Увы, как он не пытался заснуть, ничего не выходило. В голову лезли мысли об убийстве Кузнецовой и избавиться от них не получалось. И ладно бы что-то дельное, так ведь какой-то бред! Не зря говорят: утро вечера мудренее. Подразумевая, что решать на ночь серьёзные вопросы не стоит – можно наломать дров. Но с другой стороны – это дело вообще ни под какую классификацию не попадает, так стоит ли судить о нём привычными мерками?

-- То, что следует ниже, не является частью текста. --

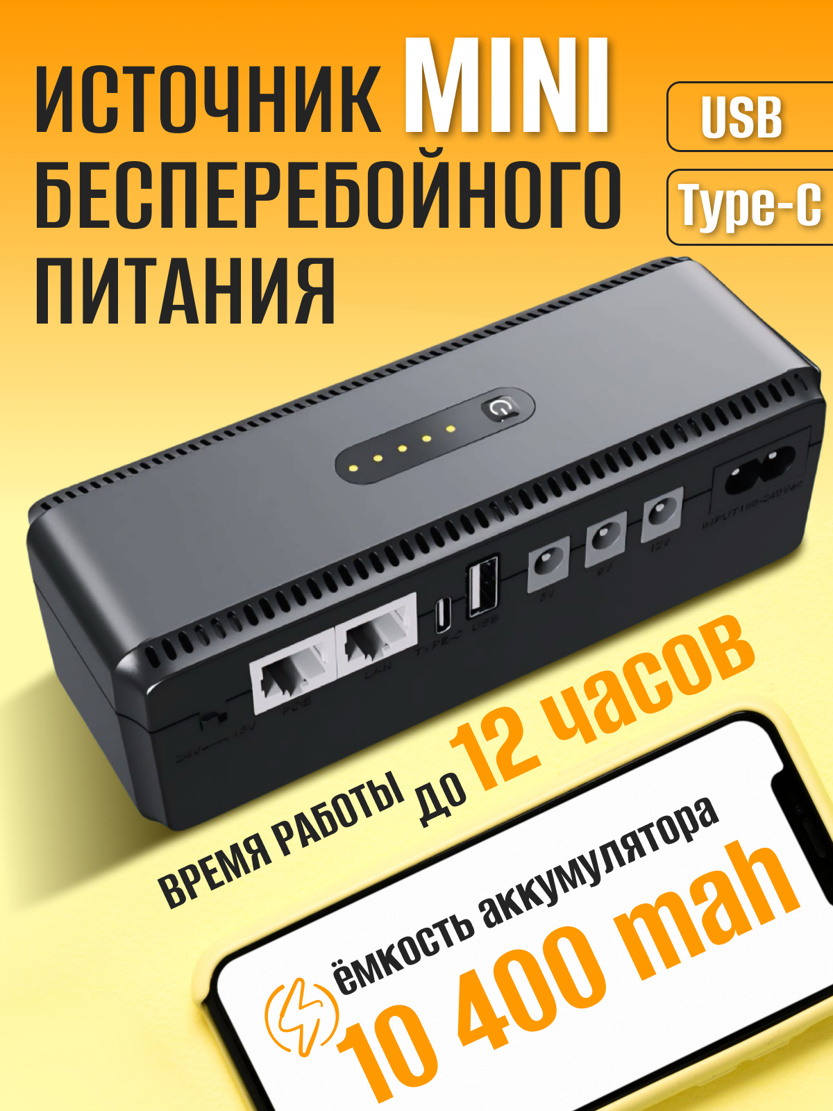 Источник бесперебойного питания с аккумулятором ИБП для дома 10400 мАч интересное: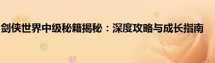 剑侠世界中级秘籍揭秘:深度攻略与成长指南

Вот интересно, это существо… Домовой? Мог ли он, после убийства, навести порядок в доме Кузнецовой? Мысль идиотская, да. Но ведь она ничем не хуже версии Борисова, что убийца мог остаться и прибрать после себя! Будь преступление спланированным – тот и так не оставил бы существенных улик. В противном случае, вряд ли рассуждал бы трезво. Да и йети этот туманный не позволил бы преступнику свободно расхаживать по дому – если уж менты наложили «кирпичей», то одиночку домовик шуганул бы только так. Да, убийству он мешать не стал – бабка сама хотела смерти. Но смотреть, как по его владениям шарится чужак, вряд ли бы согласился. К тому же Кузнецова наверняка дала ему какие-то указания. Непонятно, правда, чем она руководствовалась, если стерильная чистота и впрямь наведена домовым…
С такими мыслями Андрей проворочался до шести утра и уснул, когда за окном уже начало сереть. Проснулся почти в обед, когда Мила зашла в комнату, со всех сил громыхнув дверью, и проорала над ухом:
– Горяев, подъём! Сколько можно дрыхнуть? Скоро вечер! О! А! Это у нас тут кто?
Андрей перевернулся с живота на спину, лениво продрал глаза и покосился в окно. Убедившись, что на дворе день, потянулся за лежащими на тумбочке часами и глянул время – будильник, который он завёл перед сном, сработает через пятнадцать минут. Застегнув на запястье ремешок, закинул руки за спину и выдал, глядя в потолок:
– Кофе.
– Гля, ты наглый! – восхитилась Мила, упирая руки в боки. – Ты и с женой ведёшь себя так по-барски? Понятно, почему у неё после переезда в Брянск испортился характер!